En lien avec cet engagement, Philippe Rio est également devenu un avocat reconnu du droit à la paix sur le plan international, en devenant le président de l’Association française de Maires pour la Paix – AFCDRP.

Riche de ces expériences, Philippe Rio a participé à l’édition 2018 du Forum WHRCF en tant que délégué de la Commission. À cette occasion, nous avons pu parler du lien entre le droit à la paix et le droit à la ville, et pourquoi est-il important que les villes jouent un rôle actif au niveau international en faveur de cet agenda.


Q 1 : Vos interventions lors du Forum ont porté sur la relation entre le droit à la paix, le droit à la ville et les droits humains : pourquoi est-il important de renforcer le lien entre ces notions ?

Il ne peut pas y avoir de paix durable sans le respect des droits humains. Il y a donc un lien naturel entre la paix et les droits humains.

De plus, nous vivons dans une ère urbaine ; c’est un moment historique où l'humanité vit déjà principalement dans les zones urbaines. Pour cela, nous ne pouvons avoir ni la paix ni les droits humains sans un mode durable d’urbanité : vivre dans des villes durables devient la condition pour atteindre la paix et le respect des droits humains dans la ville.

Malgré la militarisation croissante des États et la prolifération des conflits, la société civile et les gouvernements locaux ont un rôle de contre-pouvoir à jouer face à la course aux armements et pour trouver des solutions pacifiques aux conflits partout dans le monde.


« Images 1 et 2 : Participation du maire Philippe Rio, au Forum mondial des villes pour les droits humains de Gwangju, où il a présenté l'expérience de Grigny pour le droit à la paix »


Q 2 : Qu'est-ce que c'est l’urbanisme pacifié ? Qu’a-t-il à voir avec les processus de métropolisation ?

L’urbanisme peut être excluant.

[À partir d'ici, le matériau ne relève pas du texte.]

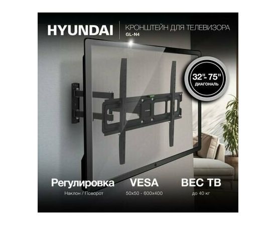 32"-75" Кронштейн Hyundai GL-N4 черный макс.40кг настенный поворотно-выдвижной и наклонный

À l’inverse, certains parlent d’urbanisme social. Avec l’urbanisme « pacifié », il s’agit de construire des villes apaisées, inclusives et bienveillantes. La conception de l’aménagement de l’espace public dans nos villes et de l’urbanisme dans les phénomènes de métropolisation est aujourd’hui marquée par la persistance des inégalités qui se traduisent dans nos territoires.

Nous devons faire en sorte que l’urbanisme reconnaisse ces phénomènes et contribue à lutter contre les inégalités. La paix et le respect des droits humains sont, dans ce cadre, des outils incroyables pour construire des métropoles inclusives.

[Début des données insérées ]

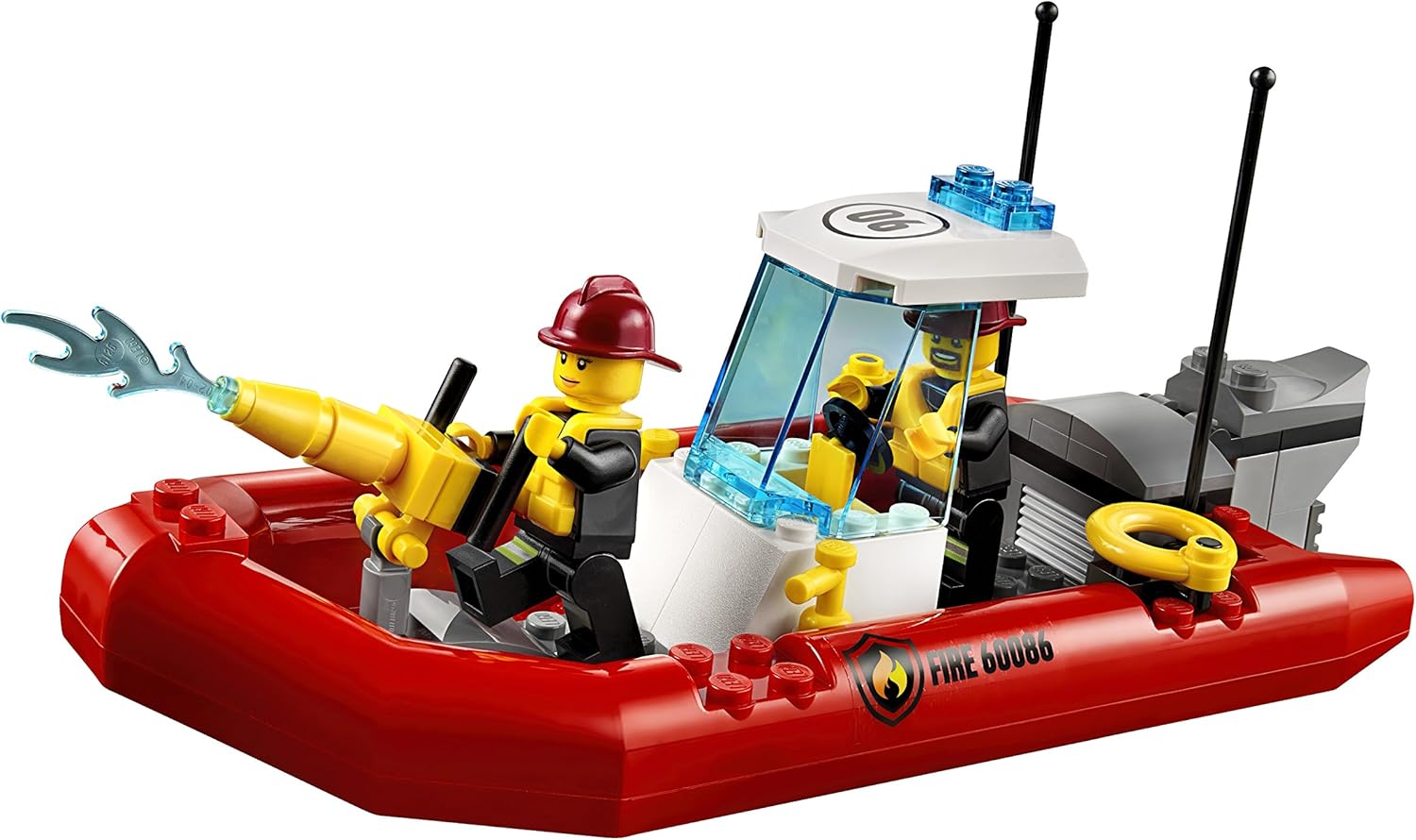 | Additional Features | Helicopter, police car with trailer and watercraft, speedboat, fireboat, unique accessories (walkie-talkies, handcuffs, fire extinguisher, crowbar, flames) |

« Images 3 et 4 : Plantation d’arbres pour la paix. Le signe décrit un article de la Convention des droits de l'enfant »


Q 3 : Vous avez parlé d’éducation pour la paix et de la culture de la paix : Comment les villes peuvent-elles travailler ces concepts au niveau local ?

La culture de la paix a été définie par le Manifeste de Séville au début des années 1990. Ensuite, l’UNESCO en a précisé les 8 principes : la démocratie, la lutte contre les inégalités, l’égalité homme-femme, la sécurité, la transparence, etc… (voir ici la définition complète).

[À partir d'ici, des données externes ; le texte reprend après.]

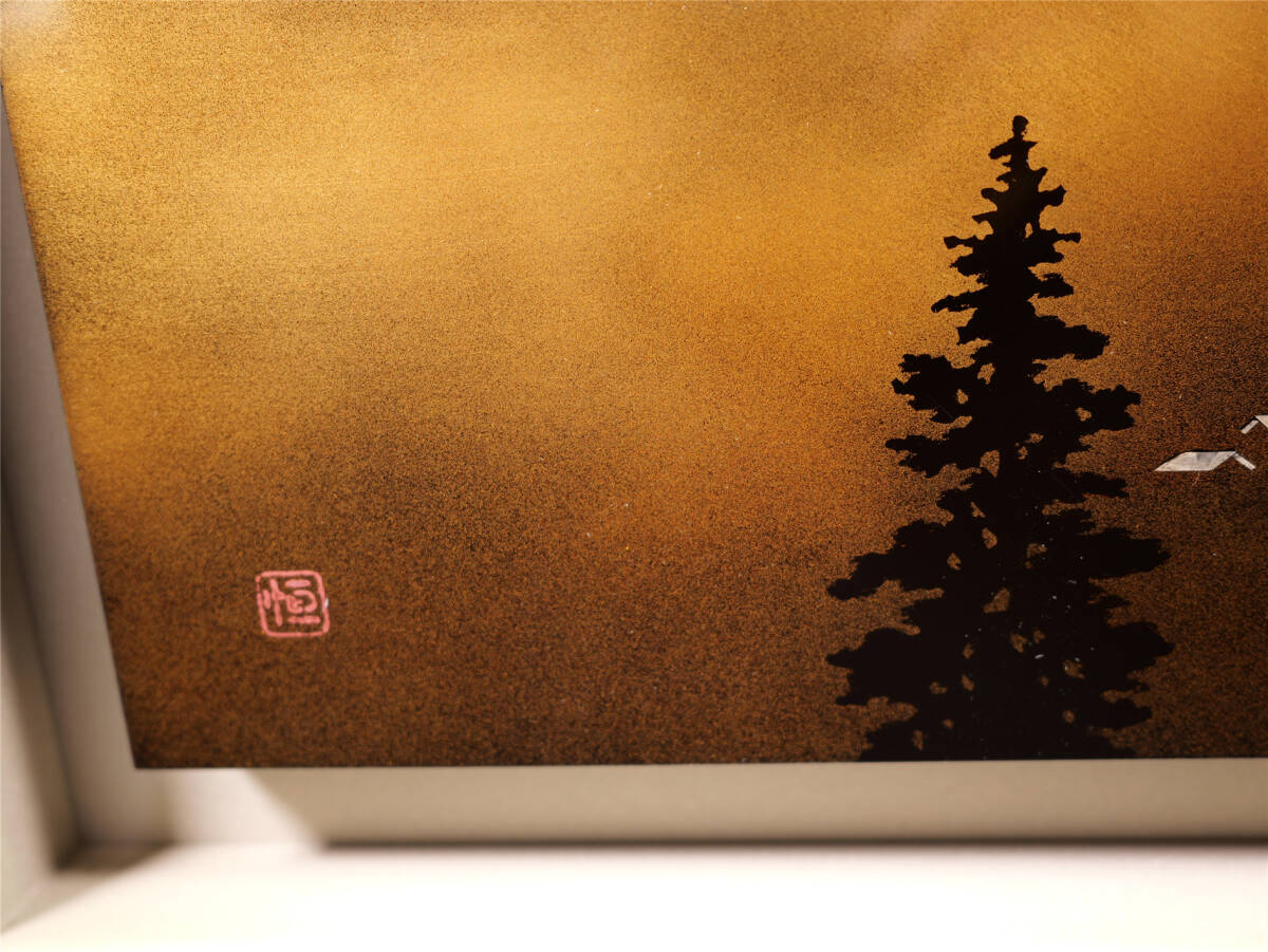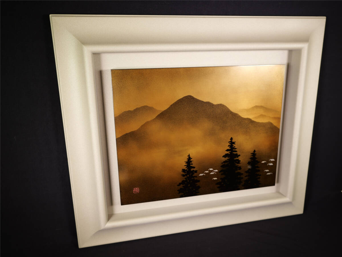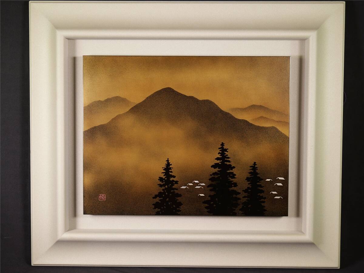 並木恒延「霧の山」共シール 漆絵 高級漆工芸 本物保証 額装 漆芸作家 |

Aujourd’hui nous, collectivités locales, pouvons faire deux choses pour concrétiser la culture de la paix.

La première est de développer des plans locaux d’action à la culture de la paix. Dans nos politiques publiques, en direction de nos concitoyens, dans la proximité et la quotidienneté, nous devons développer des actions de sensibilisation pour les enfants mais aussi pour les adultes, qui visent à vulgariser et à faire connaitre ces valeurs pacifiques à l’échelle locale de la vie quotidienne.

Les gouvernements locaux peuvent également agir vis-à-vis des institutions internationales pour que le droit à la paix soit considéré comme une des valeurs universelles des droits humains ; c’est qui n’existe pas encore. Nous devons donc peser sur les institutions internationales pour que le droit à la paix soit reconnu et défini en tant que droit inaliénable de l’humanité.


« Images 5 et 6 : Remise de prix du jeune écrivain et du jeune illustrateur Construire la paix dans ton quartier »


Q 4 : Vous êtes le président de l’Association Française des Communes, Départements et Régions pour la Paix (AFCDRP) Maires pour la Paix-France. Quelles sont vos priorités et quels initiatives menez-vous ?

Maires pour la Paix est une association mondiale fondé et co-présidé par les maires d’Hiroshima et de Nagasaki, qui ont eu à gérer les conséquences du bombardement nucléaire de 1945. Hiroshima et Nagasaki nous rappellent que, dans les conflits, les pouvoirs locaux sont les premiers acteurs qui travaillent pour la réparation et la normalisation de la vie quotidienne.

Les maires doivent donc devenir des leaders pour prévenir les conflits et agir ensemble pour atteindre une société pacifiée.

En aout 2017 s’est tenue la neuvième conférence générale de Maires pour la Paix, qui regroupe plus de 7000 villes dans le monde, dans 70 pays. Nous avons arrêté un plan d’action 2017-20 qui repose sur deux piliers : le premier concerne la poursuite de campagnes de démilitarisation du monde.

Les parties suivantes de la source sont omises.